|Blues 2 Aston Villa 0 .. Match Report
by Richard Barker
A Villa 'keeper making a huge error and gifting a goal to Blues who go on to win the Second City derby? Heard it all before? Yes. Getting tiresome? Never!
It's becoming a football inevitability now - just as Arsene Wenger will never see a controversial decision involving his players, and just as Alex Ferguson will always moan about the referee's timekeeping, it seems that a Villa goalkeeper will always gift Blues a goal, and that Blues will always come out on top against their neighbours.
Following two dismal performances away at Crystal Palace and West Brom, Steve Bruce knew he needed a response from his players here - but kept faith with the majority. Following the humiliation at The Hawthorns, only Salif Diao dropped out (and out of the sixteen too) being replaced by Darren Carter. Villa, meanwhile showed their attacking intentions by picking basically 5 defenders (I include Gareth Barry as a defender), 3 defensive midfielders (I include Lee Hendrie, as I don't really know what else he does), a decent attacking midfielder in Nolberto Solano and their 4th choice striker in Luke Moore. It was enough to send shivers down the spine.
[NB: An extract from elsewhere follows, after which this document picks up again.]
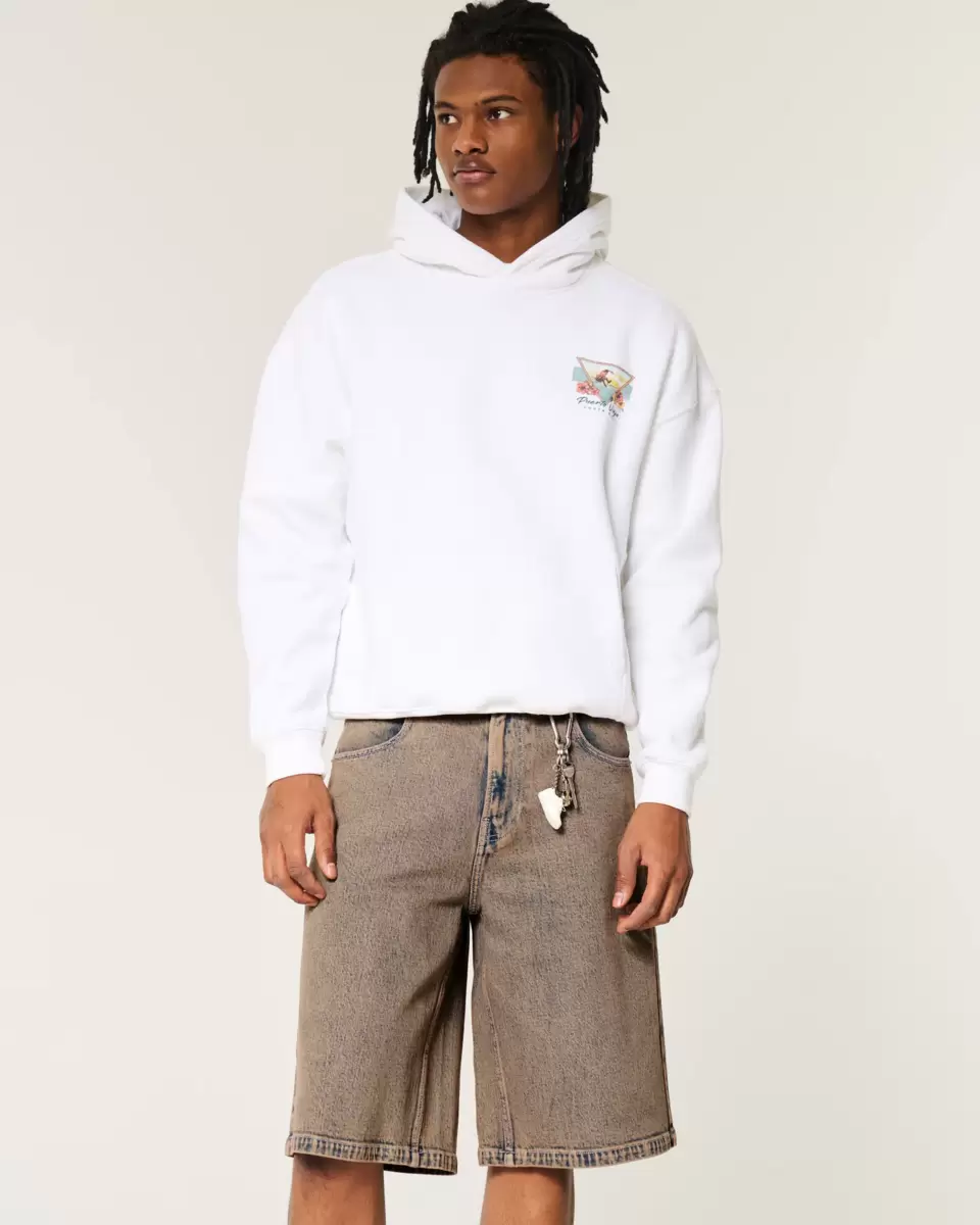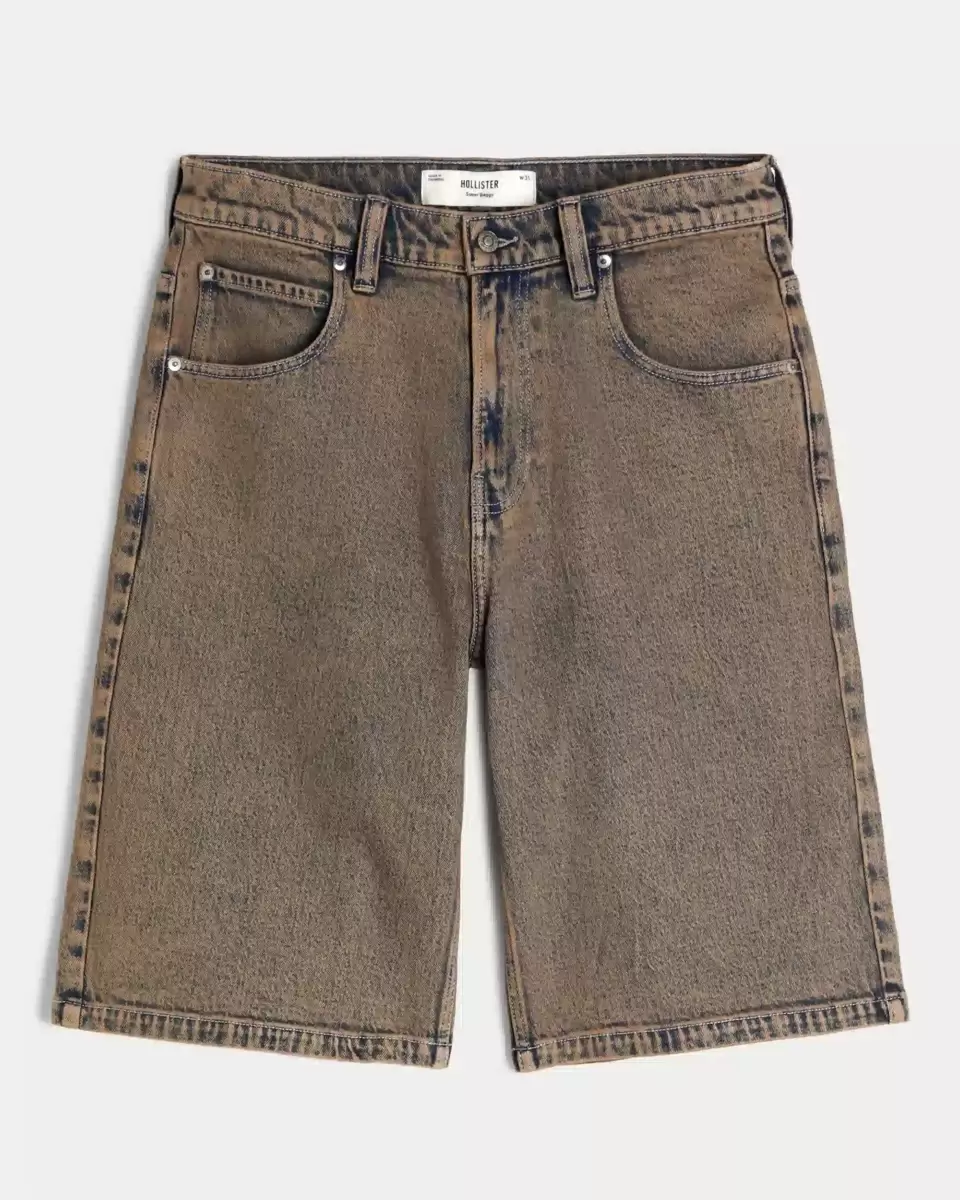 Classic denim shorts in a brown overdye wash, designed with a super baggy fit. Hits below the knee. Imported.

The first half was a war of attrition rather than anything else. Both teams worked hard, but did precious little to really trouble their opponents - certainly early on. For Blues, Walter Pandiani swivelled and hit a half volley wide, before Carter had Thomas Sorensen scrambling across goal with a low drive that flew just wide. Pandiani and Carter both had further chances, but they weren't particularly troubling for Sorensen, whose day was going so well at this point.
Villa only really got a grip in the game late on in the first half, and nearly took the lead following some controversial decisions from referee Mike Riley. It looked as if Matthew Upson had timed a challenge on Moore superbly, but Riley adjudged it to not only be a foul, but to be a booking too. As Solano feigned to take the free-kick about 12 times, Damien Johnson did his job and ran out of the wall on each occasion to close it down. Solano was even told by Riley to get on with it, yet when Johnson did so again, he was booked for encroachment. The ball was marched ten yards further forward, and Solano hit the post from the free-kick.
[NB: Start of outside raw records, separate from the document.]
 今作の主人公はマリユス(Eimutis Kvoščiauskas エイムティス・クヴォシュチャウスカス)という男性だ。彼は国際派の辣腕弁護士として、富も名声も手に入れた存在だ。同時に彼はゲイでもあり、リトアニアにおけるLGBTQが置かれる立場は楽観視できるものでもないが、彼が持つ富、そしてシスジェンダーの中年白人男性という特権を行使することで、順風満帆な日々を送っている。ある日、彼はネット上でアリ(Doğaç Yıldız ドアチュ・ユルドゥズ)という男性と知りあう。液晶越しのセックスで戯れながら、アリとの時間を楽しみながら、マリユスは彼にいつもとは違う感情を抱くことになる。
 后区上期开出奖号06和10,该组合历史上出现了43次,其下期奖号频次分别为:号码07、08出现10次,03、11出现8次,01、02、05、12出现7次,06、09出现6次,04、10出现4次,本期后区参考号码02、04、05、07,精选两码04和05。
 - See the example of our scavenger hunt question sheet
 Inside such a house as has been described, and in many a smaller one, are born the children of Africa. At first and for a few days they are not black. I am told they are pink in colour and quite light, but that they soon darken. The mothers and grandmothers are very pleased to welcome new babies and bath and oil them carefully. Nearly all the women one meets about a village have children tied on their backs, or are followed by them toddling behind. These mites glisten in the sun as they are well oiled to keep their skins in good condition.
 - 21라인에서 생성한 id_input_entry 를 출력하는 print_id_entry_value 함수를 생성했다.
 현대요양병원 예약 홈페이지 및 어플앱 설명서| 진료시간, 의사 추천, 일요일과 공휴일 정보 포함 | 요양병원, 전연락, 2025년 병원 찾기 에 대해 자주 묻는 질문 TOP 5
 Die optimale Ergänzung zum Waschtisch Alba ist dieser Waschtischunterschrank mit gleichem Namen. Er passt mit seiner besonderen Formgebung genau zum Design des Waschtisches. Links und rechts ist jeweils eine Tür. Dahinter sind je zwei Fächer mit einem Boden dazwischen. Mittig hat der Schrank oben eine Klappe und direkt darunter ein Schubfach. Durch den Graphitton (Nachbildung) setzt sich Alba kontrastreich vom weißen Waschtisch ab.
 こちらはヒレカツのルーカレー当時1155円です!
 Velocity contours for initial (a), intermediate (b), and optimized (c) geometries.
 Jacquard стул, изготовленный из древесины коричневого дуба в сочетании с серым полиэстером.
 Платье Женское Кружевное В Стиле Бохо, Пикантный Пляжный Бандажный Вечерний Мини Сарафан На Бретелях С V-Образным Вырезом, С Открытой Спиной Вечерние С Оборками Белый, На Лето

The Villa fans celebrated, and I'm not sure whether it's that they thought it had gone in from the other end of the ground, or maybe because they've still yet to see their side score a Premiership goal at St Andrews, that they've taken to celebrating hitting the woodwork now?
Either way, it was 0-0 at half-time.
Blues seemed to step up a gear in the second half - perhaps it was the plan to wear Villa down in the first half, when they'd undoubtedly come at Blues, and then step it up as they tired in the second period.
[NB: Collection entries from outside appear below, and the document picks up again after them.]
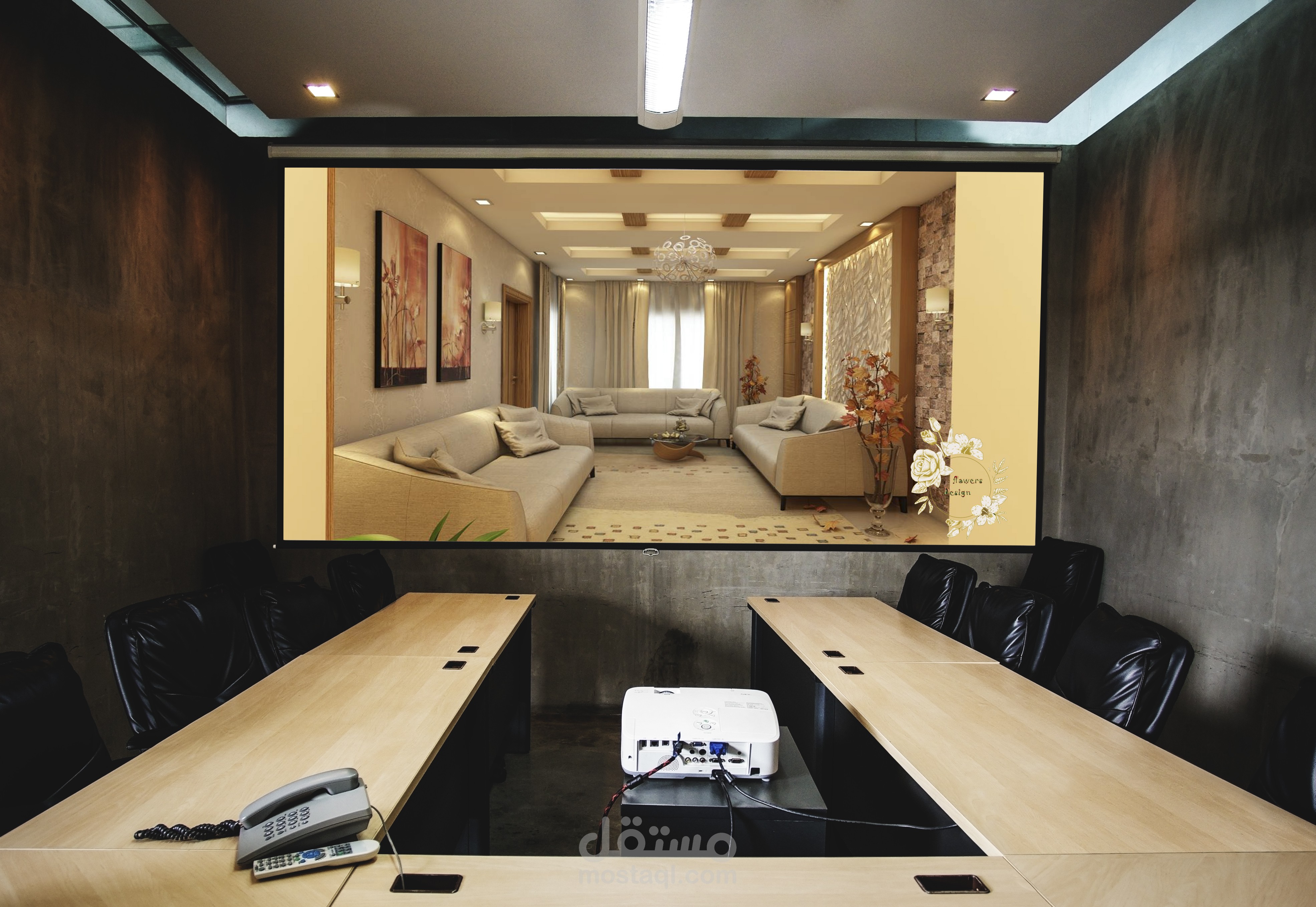 تصميم داخلي يمثل غرفة معيشة بطريقة معاصرة وإختيار الألوان المناسبة لها .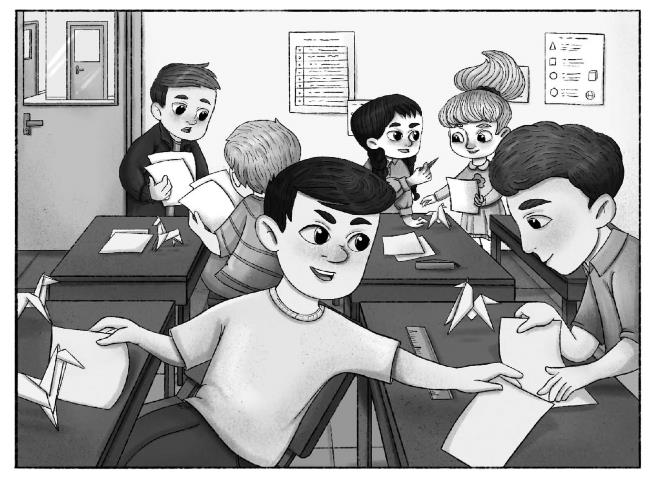 – Что ж, – сказала учительница, когда шум в классе снова стих, – остался последний элемент: дать задание. Я сейчас раздам вам листы цветной бумаги и схемы, по которым вы сможете сложить единорога в технике оригами. У меня, например, получился вот такой, похожий на китайского цилиня. – С этими словами она показала нам жёлтую фигурку, раскрашенную цветными узорами.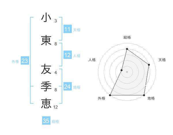 小東 友季恵さんを姓名の画数から五運を鑑定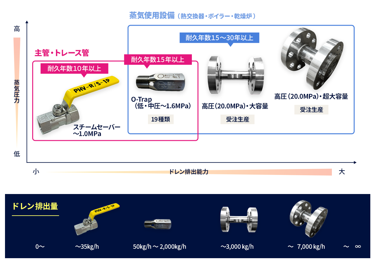 蒸気使用設備については蒸気使用量に応じO-Trap各種を取り揃えております。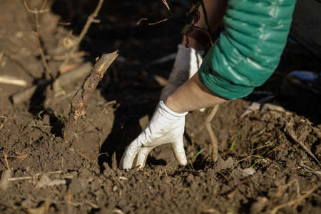 Planting a sprouted seed in the ground, theme garden and vegetable garden.

Seven minutes into the second half, Blues took their customary lead against their neighbours. Pandiani found Emile Heskey who evaded a couple of challenges and hit a shot towards goal. It wasn't especially powerful, and was low and easy for Sorensen. In fact, it was a nothing of a shot really, and I can only best describe it as being similar to the shot Clinton Morrison had at Villa Park in December.
Those kinds of shot are clearly the way to beat Sorensen however, as just as he had done at Villa Park, the Danish 'keeper was slow to get down, and when he did get there, managed to somehow allow the ball past him and to loop into the empty net. Cue delerium in St Andrews, as Blues fans were literally shell-shocked that this kind of thing had happened AGAIN. It's just funny now, it really is.
For the rest of his afternoon Sorensen was treated as a hero - his status now possibly exceeds that of Peter Enckelman. The Blues fans sang 'Super Thomas Sorensen', 'Nice one Tommy, nice one son, nice one Tommy, let's have another one' and his each and every touch was roared. When there was a break in play and he turned towards the Blues fans, he had literally thousands of them waving at him - whether he turned to face the Kop, Tilton or Main Stand. And finally, when Heskey was named as the sponsors' man of the match late on, a chorus of 'Give it to Tommy!' went around the ground.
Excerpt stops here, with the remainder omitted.